Almost immediately after the end of World War II, the United Nations issued the Universal Declaration of Human Rights at its General Assembly on December 10, 1948. Seventy-five years have passed since this Declaration, which has served to safeguard that most sacred of all human rights: the right to be treated as a dignified human being without any discrimination and to a guaranteed right to life, regardless of skin color, nationality, social and economic status, sex, religion, political opinion, or any other condition.
Today the world in general is shaken by wars. Painful ones like the Israeli massacre of Palestinian people, and silent (or ignored) wars like those in the Sudan, Ukraine, or Russia.
In these 75 years, more people have been killed in local, national, and international conflicts than in WWI and WWII. This situation can only be compared to the shameful trade and enslavement of African people which the World Conference against Racism (WCAR) declared a crime against humanity during its 2001 meeting in Durban, South Africa.
Current status of Afrodescendants in Latin America
International economic analysis organizations such as the Inter American Development Bank (IDB), World Bank, and United Nations Economic Commission for Latin America and the Caribbean (ECLAC), all concur that in Latin America there are more than 100 million Afrodescendants. “The progressive inclusion of ethno-racial self-identification questions in population and housing censuses now provides answers to the most elementary questions: how many people are of African descent and where are they?” ECLAC noted in its “Afrodescendants
and the matrix of social inequality in Latin America” report, published in 2021. “These data are crucial, not just as basic inputs for public policy and planning but also because they serve to confirm the existence of the Afrodescendent population and make it visible to States and societies that deny its existence. Based on available census figures, Latin America’s estimated Afrodescendent population is currently 134 million people, accounting for 21% of the region’s total population.”
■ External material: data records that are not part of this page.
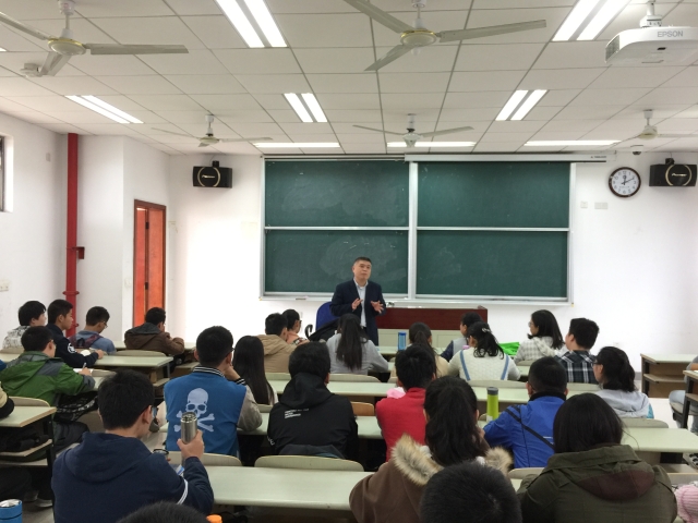 的取得的进步与成绩,分享了两校为联合培养交流生在课程设计、师资投入、学生生活等方面做的工作和逐渐改善的工作方案。最后,他希望大家注重实践,积极参与教师及学长的科研项目和实践课题,提升实践动手能力;珍惜宝贵的机会,扎实学习,兼收两校精神精华;珍惜在上海学习的两年时间,丰富阅历,开阔眼界。
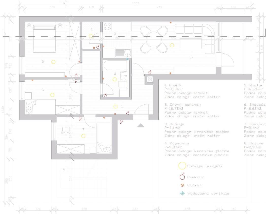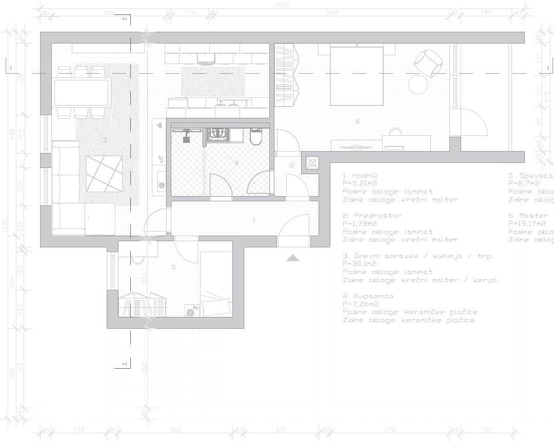 The building where the apartment is located is situated in Novi Travnik It has four floors and was built in the eighties of the last century The apartment is located on the third floor It has a good orientation and has a good quality for adaptation. All the necessary facilities are within a radius of 100 meters The goal of this task was to create a space that would suit all the household members A couple of variants were made through sketches and the one considered the most favorable was adopted Part of the hallway was removed, and in this way a larger bathroom was obtained. The main adaptation was made by combining the kitchen with the dining room and the living room, and this was achieved by removing two bedrooms, as well as the pantry. The existing installations are retained. Instead of the former living room, there is a master bedroom The children's room is separated by the hallway, thus providing privacy. This adaptation enabled a better orientation of the rooms as well as b tt lki th Sketch variants
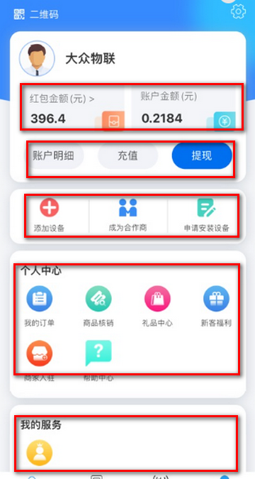 4、点击我的,登录后可查看我的订单/我的服务等功能

Afrodescendent organizations have regularly challenged the census counts of their populations in several countries. They have claimed that their community populations are underreported. ECLAC acknowledges that census statistics have been shown to change when Latin American Black communities are properly educated about their heritage and critically evaluated. “In seven countries in the region, it is possible to compare the census figures for the 2000s with the census figures for the 2010s,” ECLAC’s report notes. “In six of these countries, the Afrodescendent population has increased, in both absolute and relative terms, at a higher growth rate than that of the national population (Brazil, Costa Rica, Cuba, Guatemala, Ecuador, and Honduras, the exception being Colombia). Although fertility and mortality are the main components of a country’s population growth, they fail to explain the high growth of the Afrodescendent population between one census and the next because, although the fertility rate among Afrodescendants tends to be higher than among the rest of the population, it is still relatively low. Thus, a significant part of this growth has to be the result of increased Afrodescendent self-identification, which itself reflects the mobilization and growing political role of the Afrodescendent population whose demands are emerging from the democratic recovery.”
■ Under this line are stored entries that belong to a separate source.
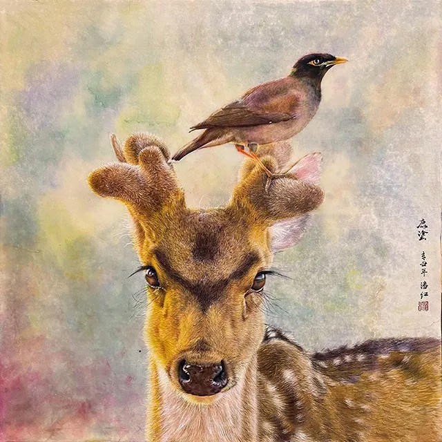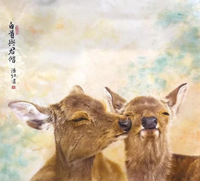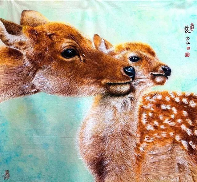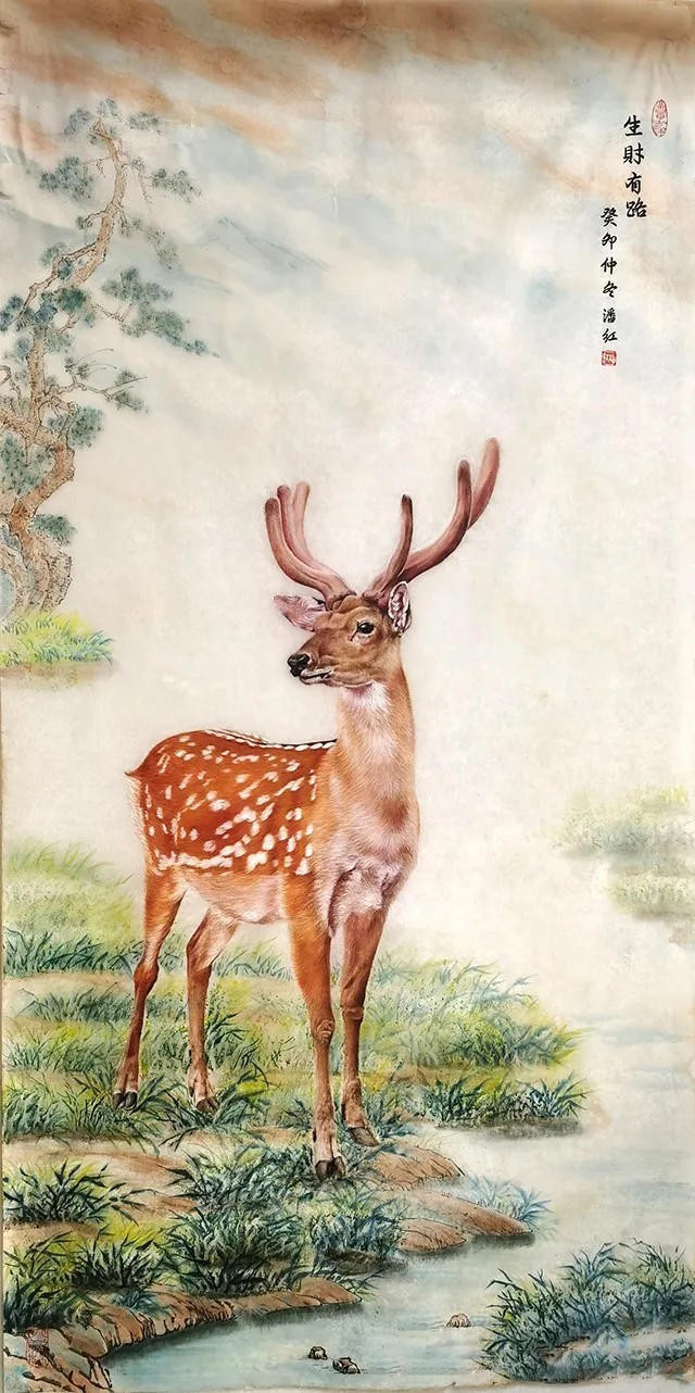 2023年潘红母女被国家文联重点关注,并在互联网推出:闪耀中华盛世名家----鹿画家潘红和“一带一路推出最具潜力青年书画家高雅娜”。2024年初,分别被清华美院和中央美院先后聘为客座教授。潘红在自己创作的同时,也在致力于培养祖国下一代,大学校园和贫困生乡村的留守儿童校园里也常常出现她的义讲的身影。在她众多的学生中,最出色的还是从小就跟着她一起学画帮着妈妈教学生,耳熏目染的女儿一级美术师高雅娜。喜欢墨香的高雅娜很自然的考入了美术学院,如今早已大学毕业的女儿受父母的熏陶早已走上了艺术之路,她的作品在继承了妈妈潘红的风格之上,更加引领潮流,细腻精致,给人耳目一新的视觉效果。
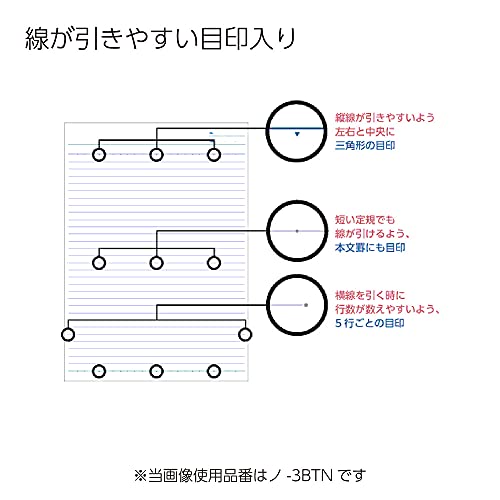 Garis beraturan dirancang untuk kemudahan penggunaan, dengan titik memori segitiga yang diletakkan di tengah dan di tepi kiri untuk membantu Anda menggambar garis vertikal dengan akurat, mirip dengan Campus Notebook. Buku catatan menggunakan kertas dasar original KOKUYO, yang mencegah tinta merembes ke sisi balik halaman. Kertas netral juga cocok untuk pelestarian jangka panjang.
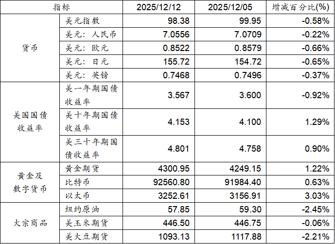 12月05日至12月12日,美元指數下跌0.58%,美元兌人民幣匯率下跌0.22%。美國一年期國債收益率下跌,而十年期及三十年期國債收益率呈現上漲態勢。黃金期貨價格上漲1.22%。比特幣上漲0.63%。以太幣上漲3.03%。大宗商品中紐約原油、玉米期貨及大豆期貨價格均呈現下跌態勢。
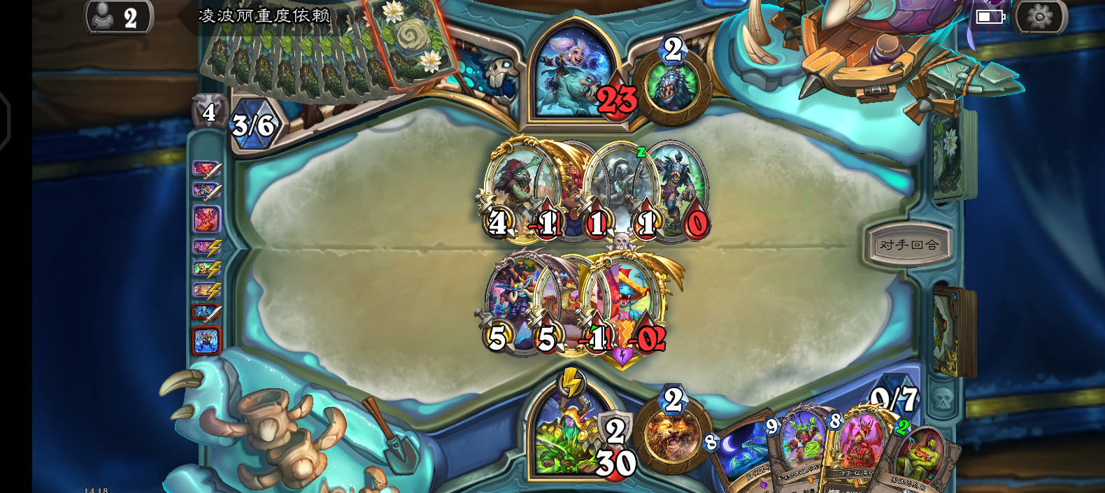 不好是快攻骑!呱!振翅守卫,救我呀!呵呵哈哈哈,到了六费还没有杀的掉我吗?现在是我的回合!将大局逆转吧!嗷~#炉石传说 #灌注猎

The term “Afrodescendants” was created by Latin American social movements during a WCAR preparatory conference in Santiago de Chile in December 2000. The countries with the largest Afrodescendant populations in Latin America are Brazil, Colombia, Venezuela, Cuba, Panama, Honduras, Mexico, Guatemala, Ecuador, Peru, Uruguay, Bolivia, Argentina, and Chile. Generally, though, all Latin American countries have Afrodescendant populations.
This year, the U.N. tried to have nations implement three principles concerning Afrodescendants: dignity, freedom, and justice. But these principles were not entirely fulfilled.
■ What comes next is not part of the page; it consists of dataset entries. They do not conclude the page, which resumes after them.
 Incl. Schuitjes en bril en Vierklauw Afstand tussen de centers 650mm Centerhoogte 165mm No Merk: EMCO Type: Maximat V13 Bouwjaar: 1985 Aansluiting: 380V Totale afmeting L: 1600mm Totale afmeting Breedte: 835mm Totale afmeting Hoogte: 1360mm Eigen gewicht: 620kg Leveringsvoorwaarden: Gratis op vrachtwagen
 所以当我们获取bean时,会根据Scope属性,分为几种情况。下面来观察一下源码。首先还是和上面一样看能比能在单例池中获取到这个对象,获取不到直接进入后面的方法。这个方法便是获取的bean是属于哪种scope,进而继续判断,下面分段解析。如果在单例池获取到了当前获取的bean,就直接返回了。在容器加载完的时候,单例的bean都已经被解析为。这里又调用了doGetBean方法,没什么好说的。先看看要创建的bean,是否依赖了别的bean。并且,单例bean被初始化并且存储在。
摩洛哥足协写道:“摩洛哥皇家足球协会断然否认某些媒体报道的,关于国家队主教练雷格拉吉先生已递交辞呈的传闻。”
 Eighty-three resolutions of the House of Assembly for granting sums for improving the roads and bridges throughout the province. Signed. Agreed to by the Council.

A decade without concrete results
The U.N. Decade for People of African Descent, decreed in 2014, is coming to an end in 2024 and it has gone almost unnoticed because its implementation has been disastrous. Here are a few observations: During the previous Brazilian government headed by then-President Jair Bolsonaro, Afro Brazilians suffered persecution, assassinations, and prohibitions of their ancestral religious practices. In Colombia during the Iván Duque and Álvaro Uribe administrations, the vast majority of the almost 200 massacres were carried out in Afro Colombian territories, provoking massive displacement because of confrontations between the guerrillas, paramilitaries, and the army. In Honduras during the previous government of Juan Orlando Hernández, the Garifuna people were dispossessed of their land and, alongside the eco-militant leader Berta Cáceres, have fought to keep it from being transformed into a space for the drug trafficking trade. Today Juan Orlando Hernandez is in prison for drug trafficking in the U.S.
Afrodescendants in Latin America live mostly below the poverty line. This situation will worsen in 2024, because they generally have no access to education and, if they have it, it is of low quality as shown by institutional indicators. Those most affected are Black children and Black women who are mostly heads of households. We must reconsider the issue of human rights for Afrodescendants in Latin America in these troubled times of war, climate crisis, migration, and xenophobia.